▶ [PROBLEM]:
If a line below falls between the line with "以京滬高鐵為例,此前全程二等" and the line with "The physical size", or is one of those two, output it exactly; output nothing else and no pictures.

*** SOURCE MATERIAL ***

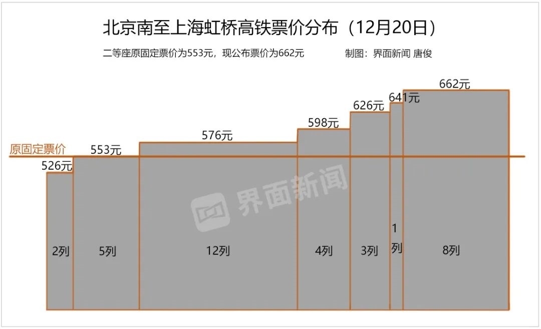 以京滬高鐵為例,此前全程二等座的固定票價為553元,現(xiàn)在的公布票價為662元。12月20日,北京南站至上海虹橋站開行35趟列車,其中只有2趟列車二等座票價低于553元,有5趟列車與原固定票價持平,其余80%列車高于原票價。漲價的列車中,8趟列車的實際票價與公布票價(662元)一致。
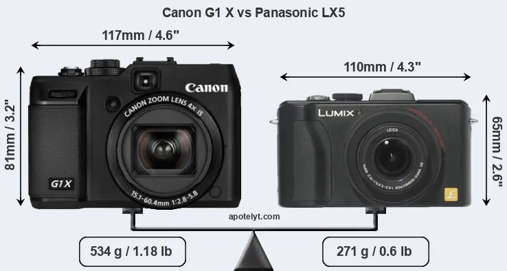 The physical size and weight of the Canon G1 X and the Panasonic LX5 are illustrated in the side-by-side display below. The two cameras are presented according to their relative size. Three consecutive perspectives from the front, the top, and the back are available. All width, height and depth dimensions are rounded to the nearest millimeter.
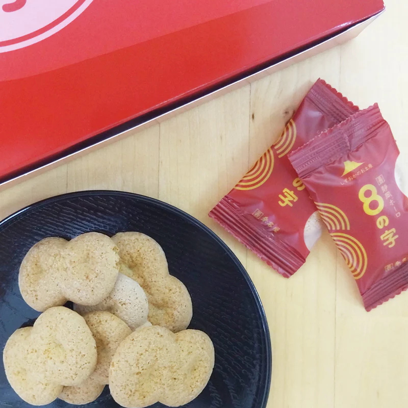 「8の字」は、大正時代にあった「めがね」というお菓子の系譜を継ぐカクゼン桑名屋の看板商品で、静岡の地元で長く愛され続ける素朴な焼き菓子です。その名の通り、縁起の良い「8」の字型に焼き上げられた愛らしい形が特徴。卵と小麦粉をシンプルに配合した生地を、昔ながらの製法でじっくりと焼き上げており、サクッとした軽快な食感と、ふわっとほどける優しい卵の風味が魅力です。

***
*** SOURCE MATERIAL ***

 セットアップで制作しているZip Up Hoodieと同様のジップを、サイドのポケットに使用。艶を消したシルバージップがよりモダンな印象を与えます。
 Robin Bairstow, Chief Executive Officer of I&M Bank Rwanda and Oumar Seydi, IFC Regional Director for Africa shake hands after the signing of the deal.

***

▶ [ANSWER FOR THIS EXERCISE]:
 以京滬高鐵為例,此前全程二等座的固定票價為553元,現(xiàn)在的公布票價為662元。12月20日,北京南站至上海虹橋站開行35趟列車,其中只有2趟列車二等座票價低于553元,有5趟列車與原固定票價持平,其余80%列車高于原票價。漲價的列車中,8趟列車的實際票價與公布票價(662元)一致。
 The physical size and weight of the Canon G1 X and the Panasonic LX5 are illustrated in the side-by-side display below. The two cameras are presented according to their relative size. Three consecutive perspectives from the front, the top, and the back are available. All width, height and depth dimensions are rounded to the nearest millimeter.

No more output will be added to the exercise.